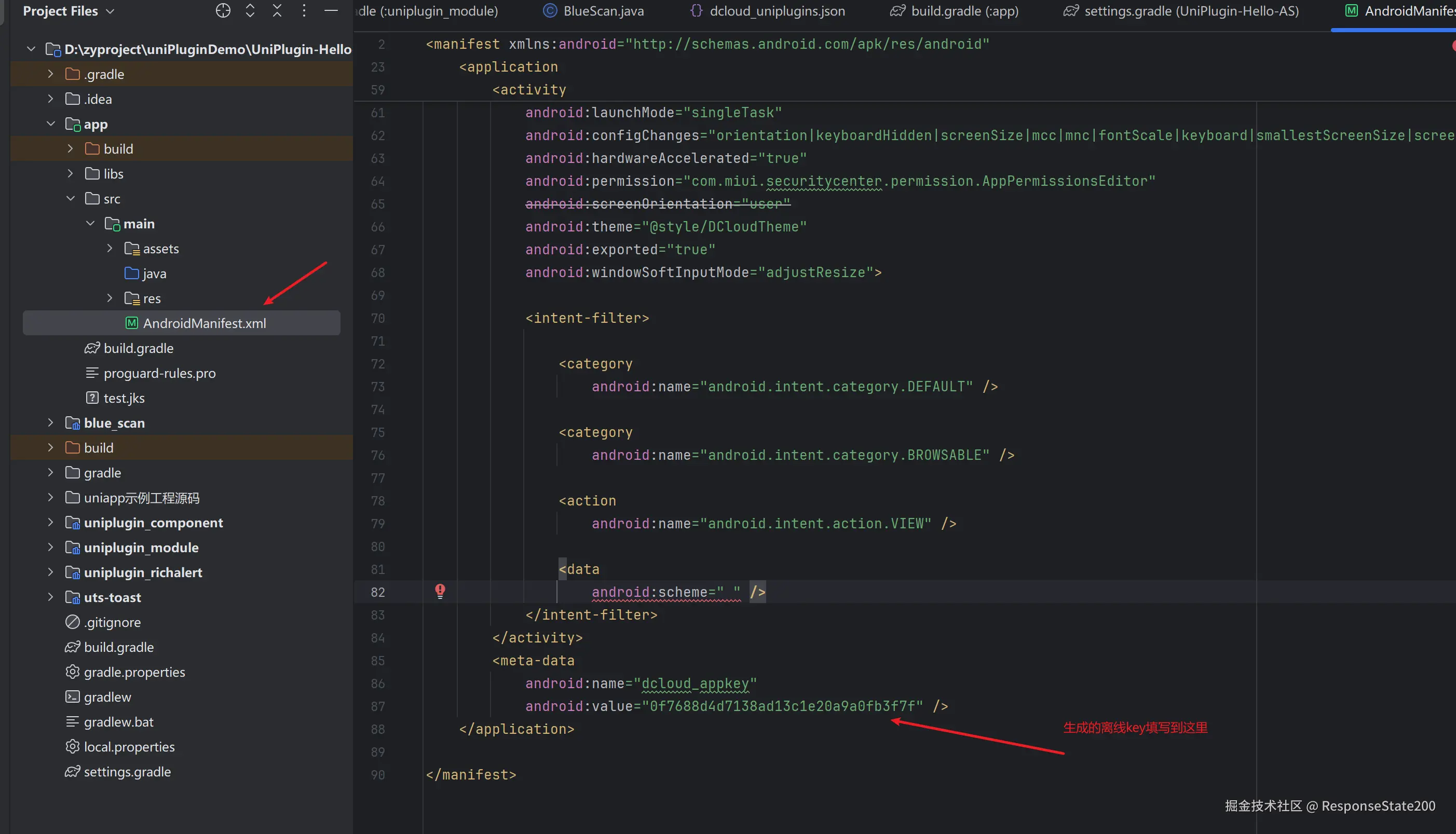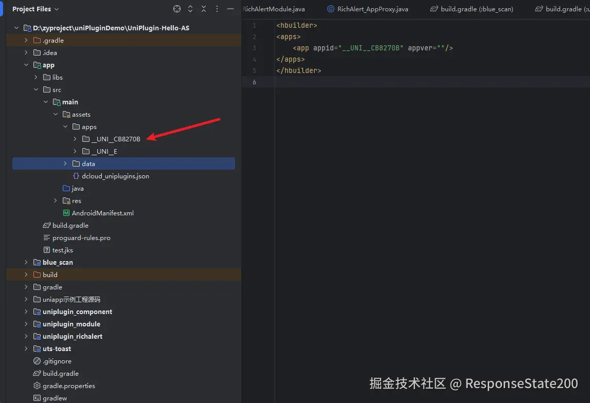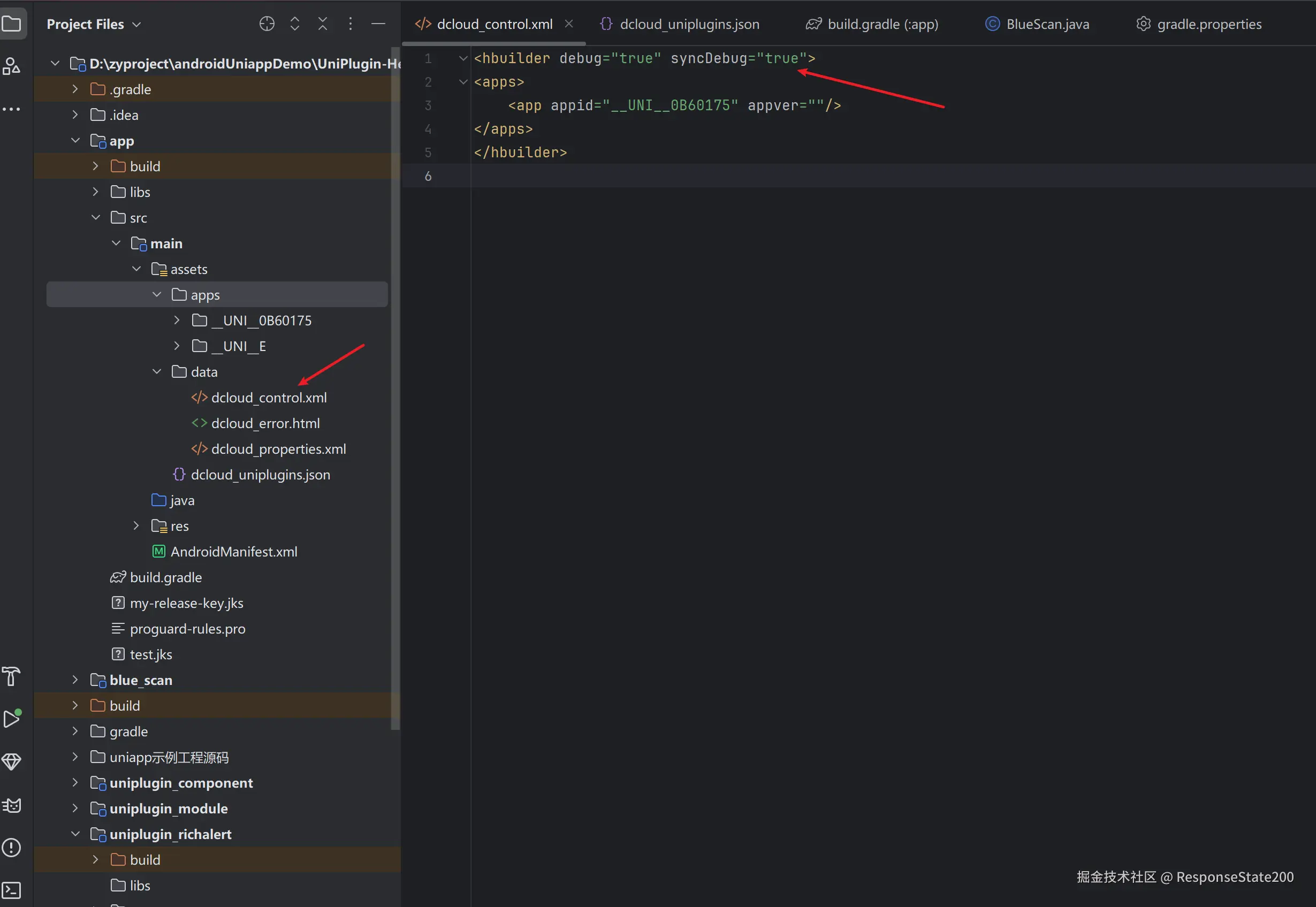 安卓原生的代码调试,最方便的方式就是官方示例中的方式,通过打包uniapp的本地资源放到安卓项目中进行调试,因为uniapp是无法看到安卓原生插件打印的一些输出的,并且uniapp是需要打包自定义基座才能使用安卓原生插件,每次改动插件都需要重新打包自定义基座,效率非常慢。所以我们下面使用官方示例中的方式
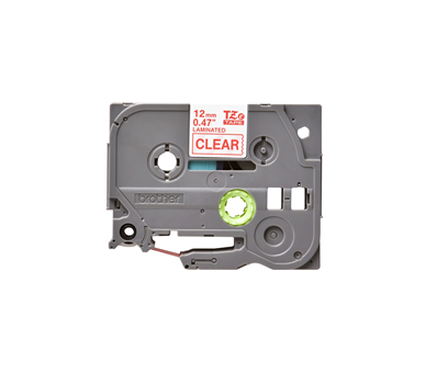 Cinta Laminada Original de Etiquetas para BROTHER TZE132 - TEXTO ROJO SOBRE FONDO TRANSPARENTE - ANCHO 12MM X 8 METROS
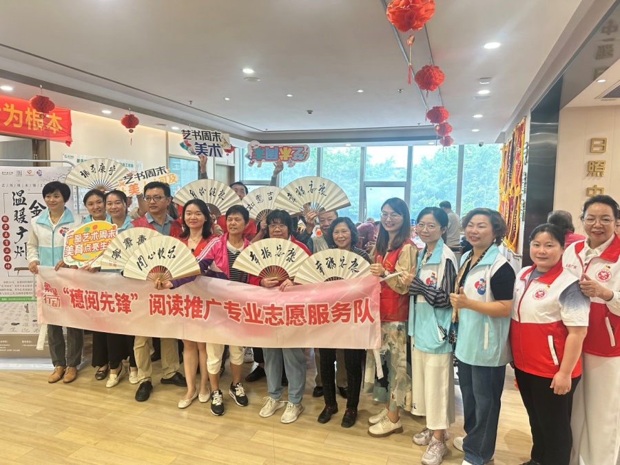 广图“穗阅先锋“美育志愿者代表、广州市志愿者协会会员与老人们合影。
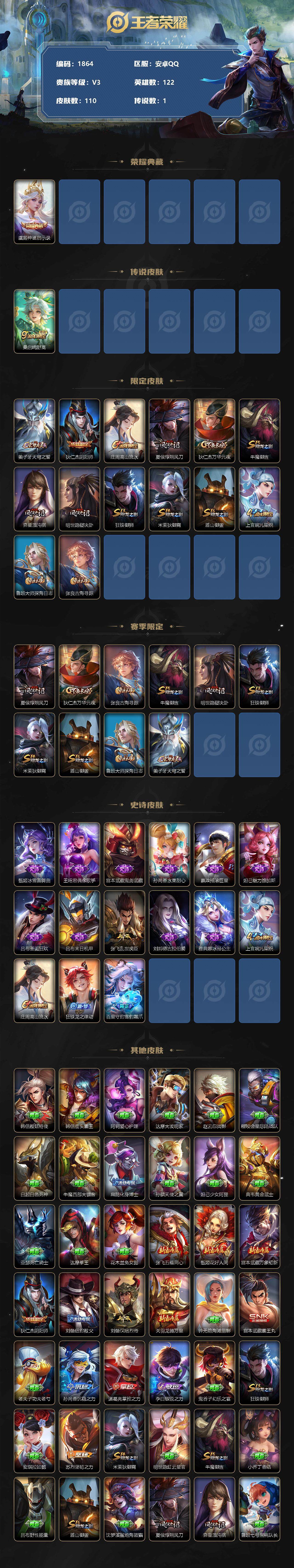 [12721541]安卓Q-V1-最强王者段位-122英雄-110皮肤-1典藏-0珍品无双-0无双-0珍品传说-1传说-15史诗
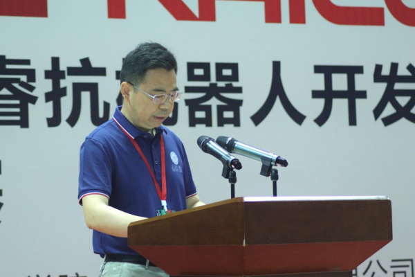 睿抗武汉办公室赛事总监杨群在致辞中深刻阐释了大赛主题“机器照护人”与“制造强国”战略的呼应关系,指出赛事在推动教育产业对接、发掘复合型人才、促进机器人技术创新应用等方面的重要意义。
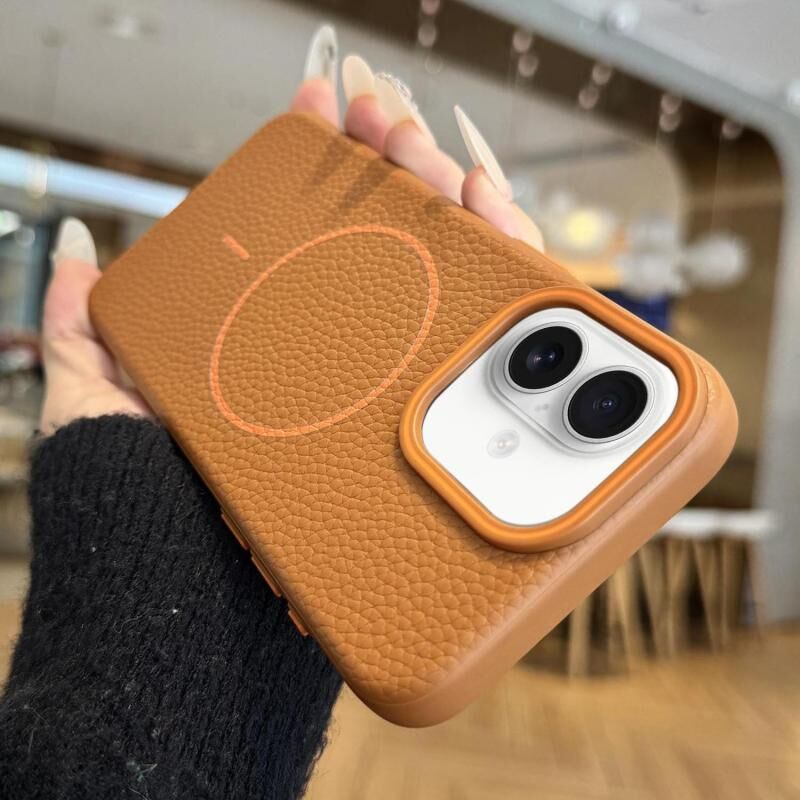 Θήκη τηλεφώνου για iPhone 16 Plus, Πορτοκαλί Δακτύλιος MagSafe, Δέρμα Λίτσι TPU (Μαύρο)
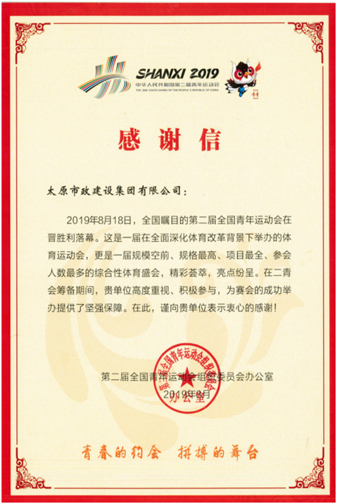 太原市政建設集團有限公司收到第二屆全國青年運動會組織委員會感謝信
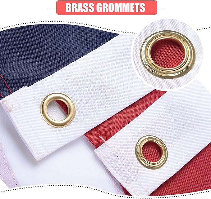 - Strong, Durable: The USA flags 15x25 outdoor, four point needle fly hem (4 rows of stitching), brass grommets. Fly your big united states flags proudly in the rain, snow, high winds, and sunshine! The perfect all-weather, outdoor American Flag banners.
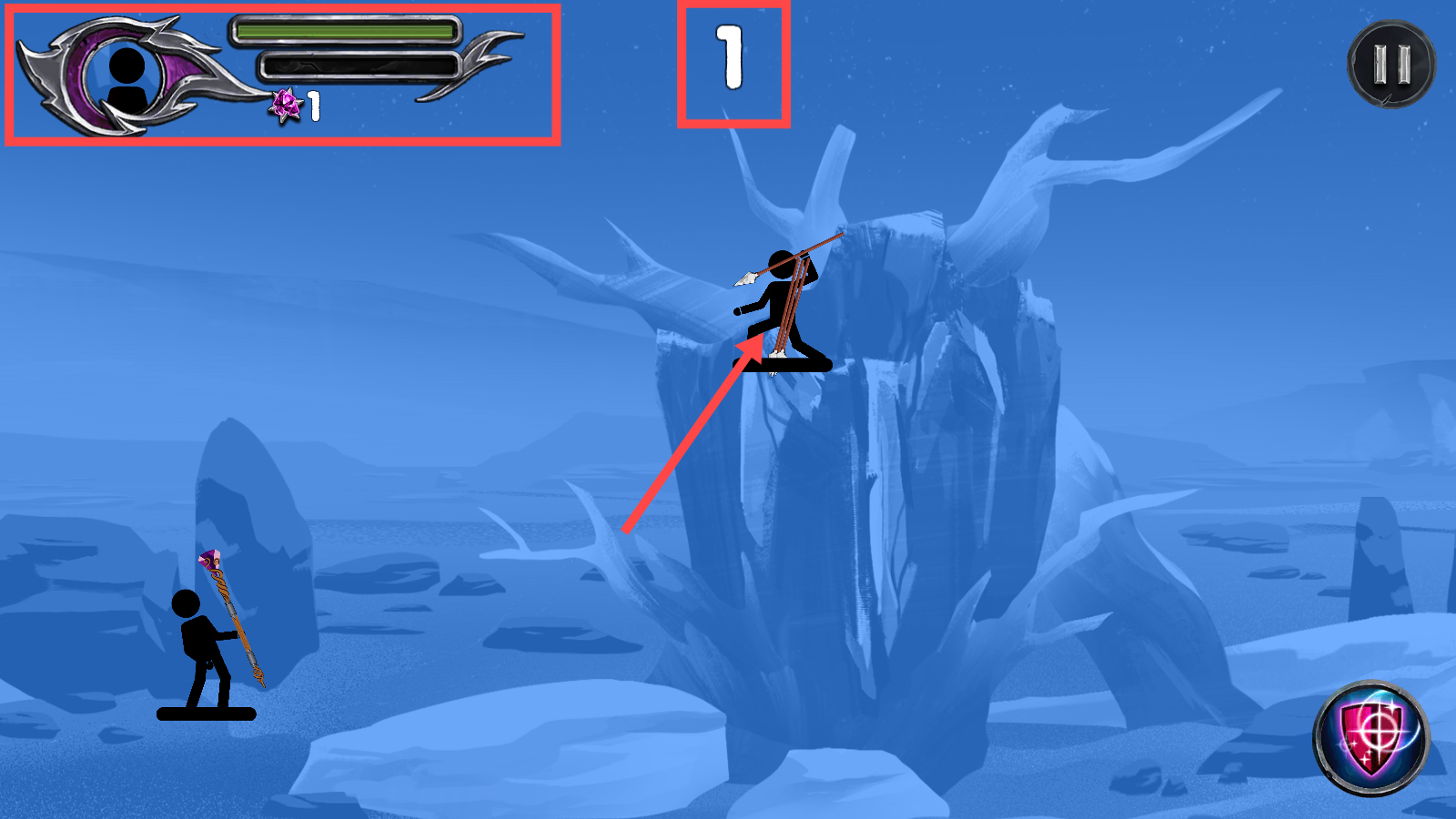 2、游戏过程中,遇到持弓敌人时,点击右下角技能图标进行攻击,注意躲避敌人攻击。

========================

WHAT TO WORK ON – Using the records above, print exactly the lines between the ones containing "[12721541]安卓Q-V1-最强王" and "太原市政建設集團有限公司收到第二屆全國青年運動會組織委員會感謝信", inclusive, and nothing else; no pictures.

SOLUTION FOR THIS EXERCISE –
 [12721541]安卓Q-V1-最强王者段位-122英雄-110皮肤-1典藏-0珍品无双-0无双-0珍品传说-1传说-15史诗
 睿抗武汉办公室赛事总监杨群在致辞中深刻阐释了大赛主题“机器照护人”与“制造强国”战略的呼应关系,指出赛事在推动教育产业对接、发掘复合型人才、促进机器人技术创新应用等方面的重要意义。
 Θήκη τηλεφώνου για iPhone 16 Plus, Πορτοκαλί Δακτύλιος MagSafe, Δέρμα Λίτσι TPU (Μαύρο)
 太原市政建設集團有限公司收到第二屆全國青年運動會組織委員會感謝信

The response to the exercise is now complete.